Males tend to have higher incomes regardless of family size, but the differences between family sizes vary slightly by gender. This shows that while income is influenced by both gender and family size, gender plays a more important role.

Logged realrinc by gender facetted by number of children

wages %>%
  drop_na() %>%
  mutate(childs = as_factor(childs)) %>%
  gf_boxplot(gender ~ log10(realrinc),
    group = ~gender,
    fill = ~gender,
    alpha = 0.5
  ) %>%
  gf_facet_wrap(~childs) %>%
  gf_refine(scale_fill_brewer(type = "qual", palette = "Set3")) %>%
  gf_labs(
    title = "Plot 4C: Log Income by Gender and Family Size",
    x = "Log income",
    y = "No. of Children"
  )

In this plot, gender and income are analyzed using a log10 scale, faceted by the number of children. It highlights that males earn more than females across all family sizes, highlighting gender differences.

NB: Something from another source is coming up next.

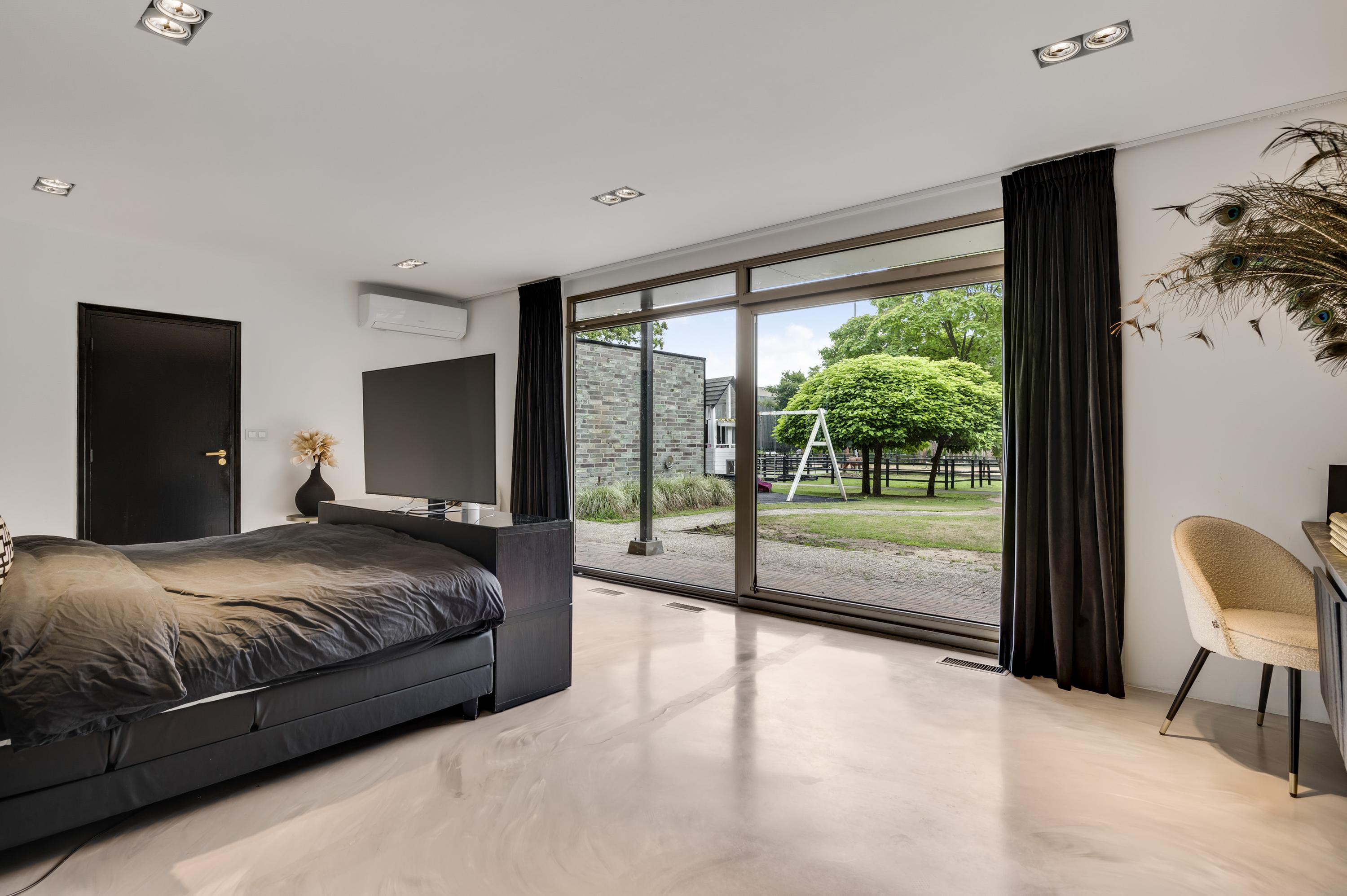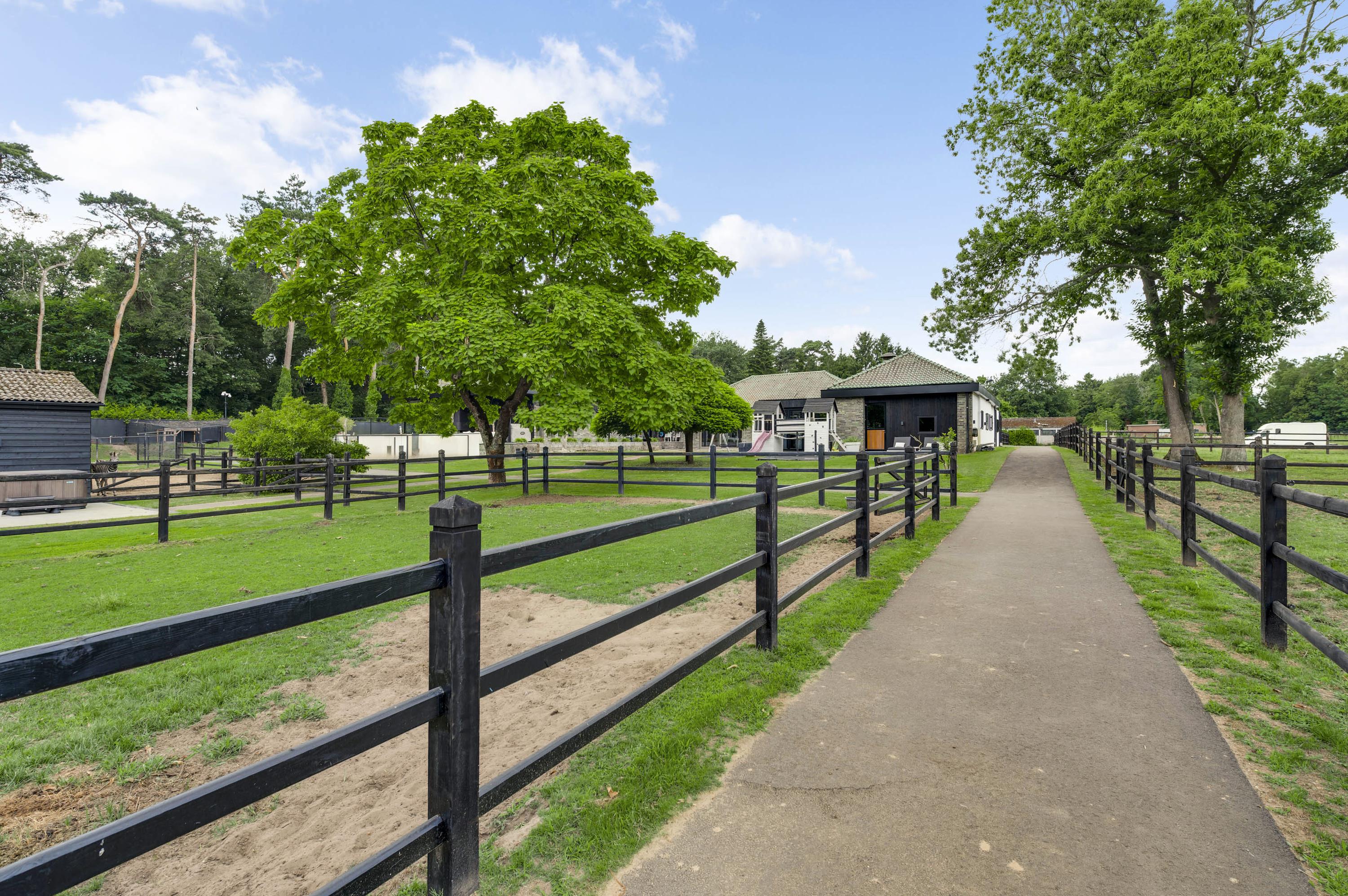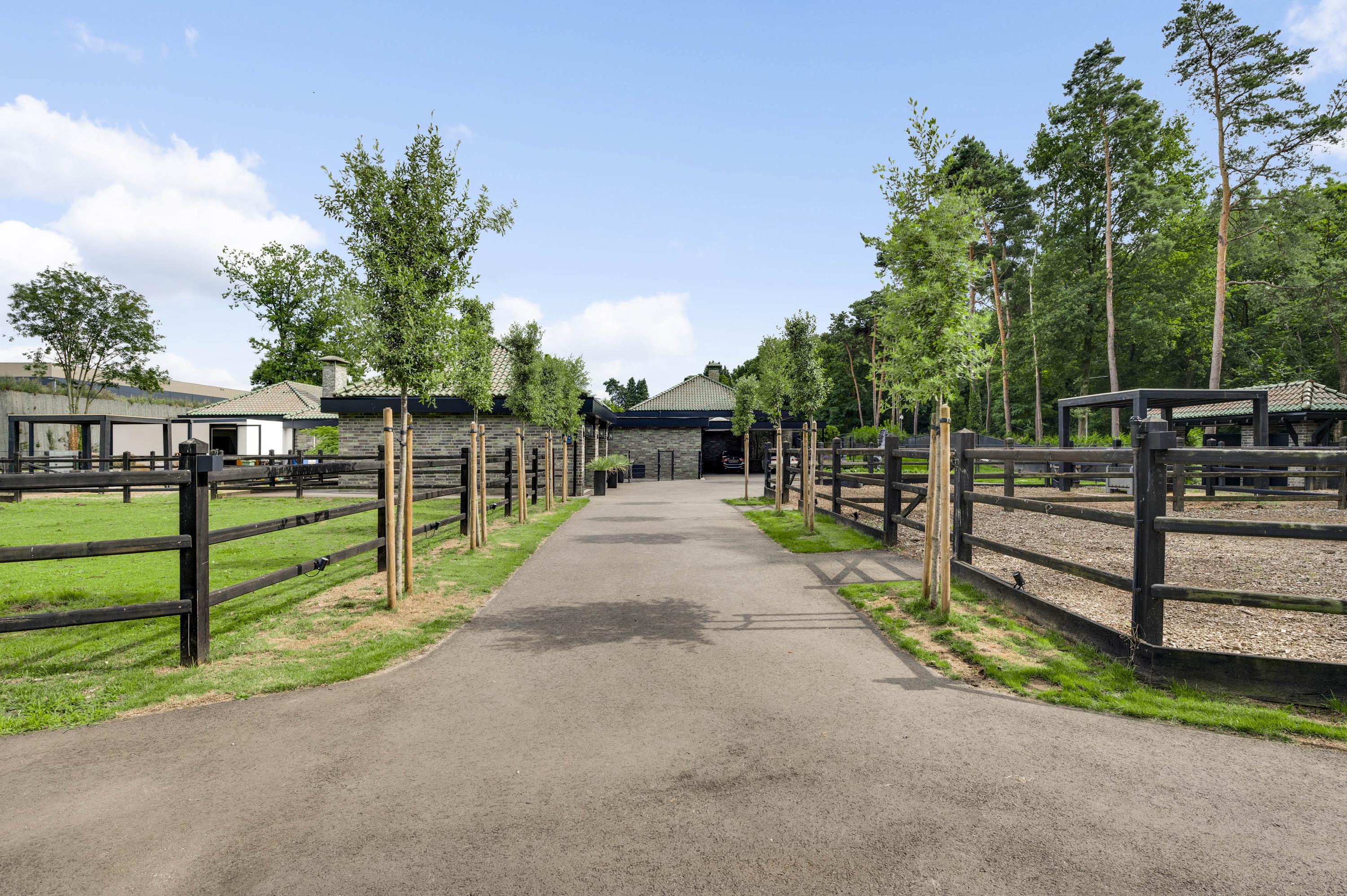 In a breathtaking location, adjacent to De Meinweg National Park and a stone's throw from De Herkenbosche Golf Course, this exclusive and fully modernized villa is situated on a spacious plot of no less than 11,171 m². A unique living experience where luxury, comfort, and tranquility come together with the outdoors. Thanks to the extensive horse facilities, including a lighted riding arena, 6 luxurious horse stalls, tack room, wash area, and several surrounding pastures, this is a dream location for horse lovers or offers plenty of space for other uses such as an indoor swimming pool or wellness center.

Logged realrinc by gender facetted by education

wages %>%
  drop_na() %>%
  mutate(childs = as_factor(childs)) %>%
  gf_boxplot(gender ~ log10(realrinc),
    group = ~gender,
    fill = ~gender,
    alpha = 0.5
  ) %>%
  gf_facet_wrap(~educcat) %>%
  gf_refine(scale_fill_brewer(type = "qual", palette = "Set3")) %>%
  gf_labs(
    title = "Plot 4C: Log Income by Gender and Family Size",
    x = "Log income",
    y = "No. of Children"
  )

Income by gender within each education category shows that even at higher education levels, males tend to earn more than females. Even with higher education, women tend to earn less than men.